It's been quite a week, both celestially and terrestrially, for spectacular sights. After reading this article in The Washington Post yesterday, I headed outside last night, soon after sunset. Even in our light polluted skies, I could see the sliver of moon, the brightness of Jupiter nearby, with Venus beaming steadily above them.
I made my spouse come outside to look. I got the camera and experimented with the night setting.
The night setting does expand the light and sometimes makes lit objects blurry, smeary, or jagged looking. So, the planets expand into smears, instead of bright dots, the moon looks half full, instead of a sliver. But you get the idea.

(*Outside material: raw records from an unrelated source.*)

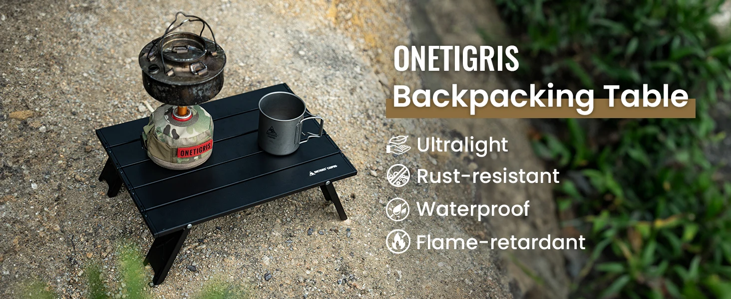 OneTigris-Mini mesa plegable portátil para acampar, mesa para Picnic al aire libre, vajilla para excursiones de barbacoa, escritorio plegable ultraligero
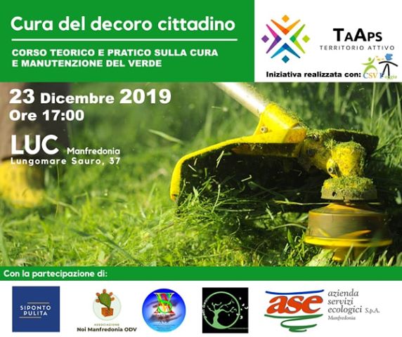 L’associazione Territorio Attivo Aps organizza in data 23 dicembre 2019 presso il LUC di Manfredonia un corso di formazione sulla Manutenzione del Verde, raccogliendo l’adesione delle maggiori organizzazioni che si sono occupate di questo in maniera spontanea e volontaria nel territorio di Manfredonia quest’anno.
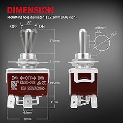 - DaierTek Waterproof Reverse Polarity Toggle Switch 12V 30A DC Motor Control RV Power Jack Switch Momentary (ON)-OFF-(ON) DPDT 3 Position 4PIN Wired

But how about here on earth? If you live in the right part of the world, you're enjoying cherry blossoms. Down here in South Florida, we have the yellow tab tree which has burst into full, buttery bloom.

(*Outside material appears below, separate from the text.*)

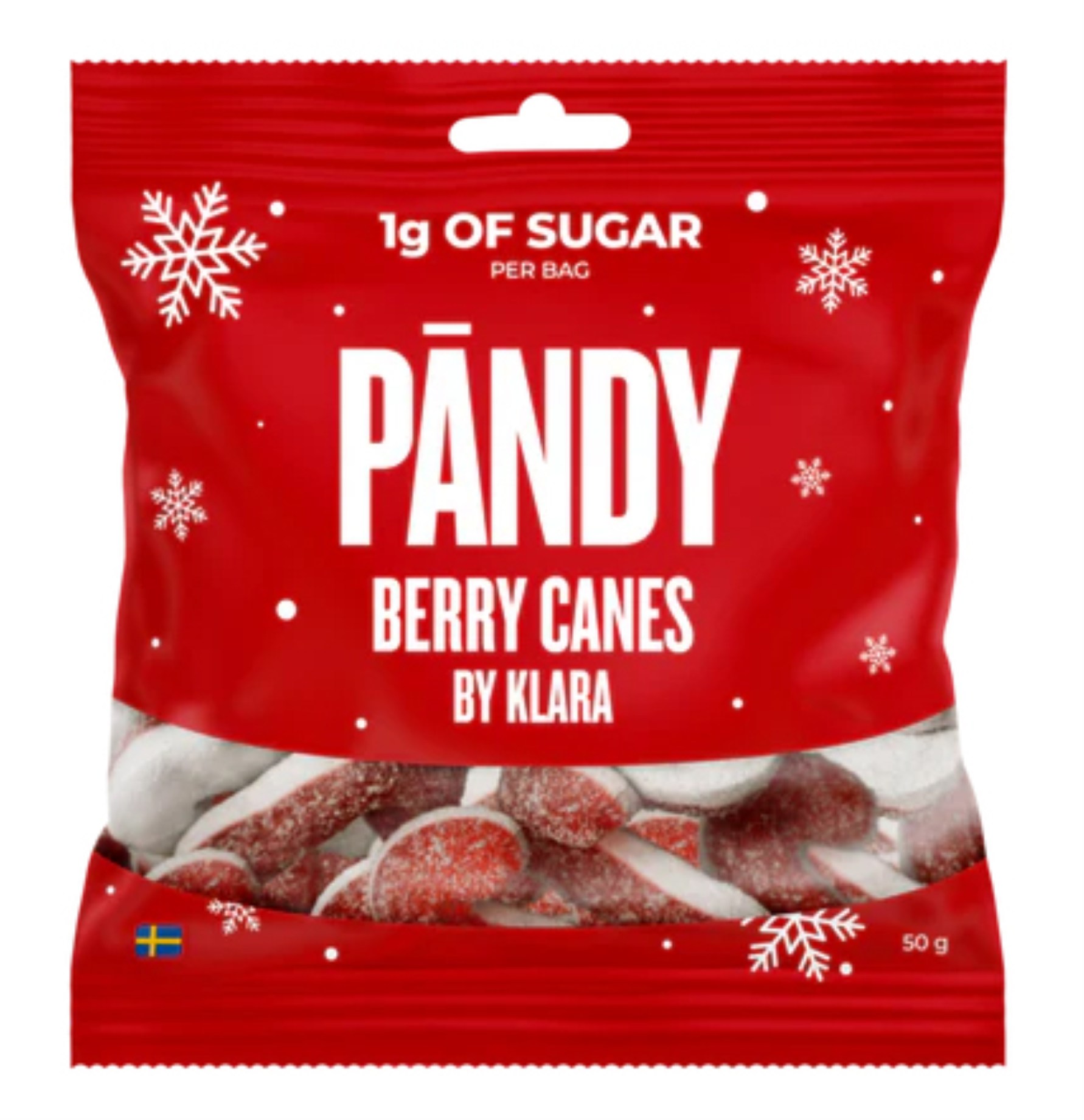 Pändy Candy Berry Canes by Klara on jouluisiin polkakarkkikeppeihin muotoiltuja makeisia, joissa on vain 1 gramma sokeria pussia kohden. Makea mansikka ja pehmeä vanilja muodostavat ihanan makuyhdistelmän, ja hyytelön ja vaahdon yhdistelmä tarjoaa miellyttävän rakenteen ja purutuntuman.
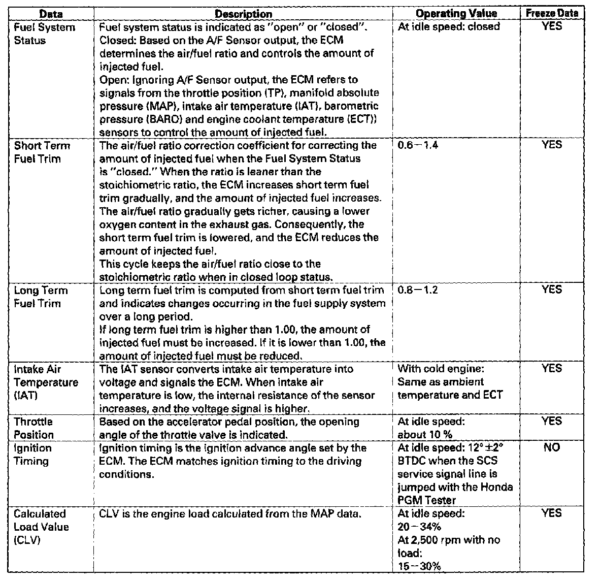 ECM DataYou can retrieve data from the ECM by connecting a scan tool or the HDS to the 16P data link connector (DLC). The items listed in the table shown conform to SAE recommended practice. The HDS also reads data beyond that recommended by SAE. Understanding this data may help you find the causes of intermittent problems.

I remember the first year down here, where these unremarkable trees suddenly flowered. I asked my coworkers what they were, and they didn't know, and furthermore, seemed surprised that I was so enchanted.
The other morning, I saw one of the trees in full bloom, and a man beneath it, gazing up into its flowers. He stood there for several minutes--maybe for even longer, since I drove away, and he was still staring up.
I don't have any pictures of my own for yellow tab trees, but if you go here, you'll see plenty.
I feel like I spend much of my life indoors, staring at screens. And it's not just me: "Owen Gingerich, a professor emeritus of astronomy at the Harvard-Smithsonian Center for Astrophysics, said that the spectacle in the western sky is so beguiling that 'even our graduate students are aware of what’s happening.' That’s an inside joke because graduate students in astronomy do all their work now on computers and with equations and don’t spend a lot of time acting like Galileo and looking through telescopes" (from The Washington Post article link above).
It's good to get out, to remember the enchantments of nature.